If performance is a requirement, most OOP people will create a database interface, that the linked list class can write without taking outside of its interface. Most FP people would do it the other way around, and create an interface to applying data to a function that the list can implement. Either way, it can tie with the dirty introspection in performance.

> in which case the cleanest thing is to bypass the interface and extract the "data structure object"

That doesn't seem like the cleanest to me. Instead, you'd use the interface to read/write to the list as you write/read it to storage. At no time do you want to reach into the LinkedList object and access it's internal mechanism.

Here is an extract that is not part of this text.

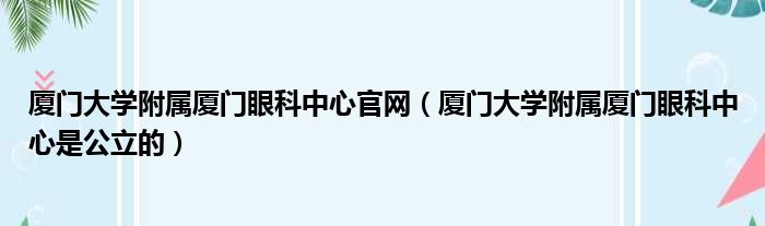 厦门大学附属厦门眼科中心官网(厦门大学附属厦门眼科中心是公立的)

I have these kinds of arguments with my C# co-workers all the time, and they usually have some annoyingly reasonable solution like "create a database serialization class with a linked list consumer". :)
This reminded me of design antipattern “Public Morozov”, named after Soviet pioneer Pavlik Morozov, who denounced his father to the secret police. In this design antipattern implementation details are exposed via convenient public methods.
In a purely oop language, data structures exist as an implementation detail, but you can never access them directly

In Smalltalk, you can have a TreeNode class and instantiate TreeNode instances. This is often the way that binary trees are implemented in Smalltalk. In that case, data structures exist as a design of interacting objects. In that case, you can molest them fairly directly using the object interface.

The same goes for Java and C#. Basically, you can design in such a way, that you can essentially have C or Fortran in any language, even a pure OO language like Smalltalk. The right way to do this in Smalltalk, is to use a Facade, which can be used to hide the guts of your data structure.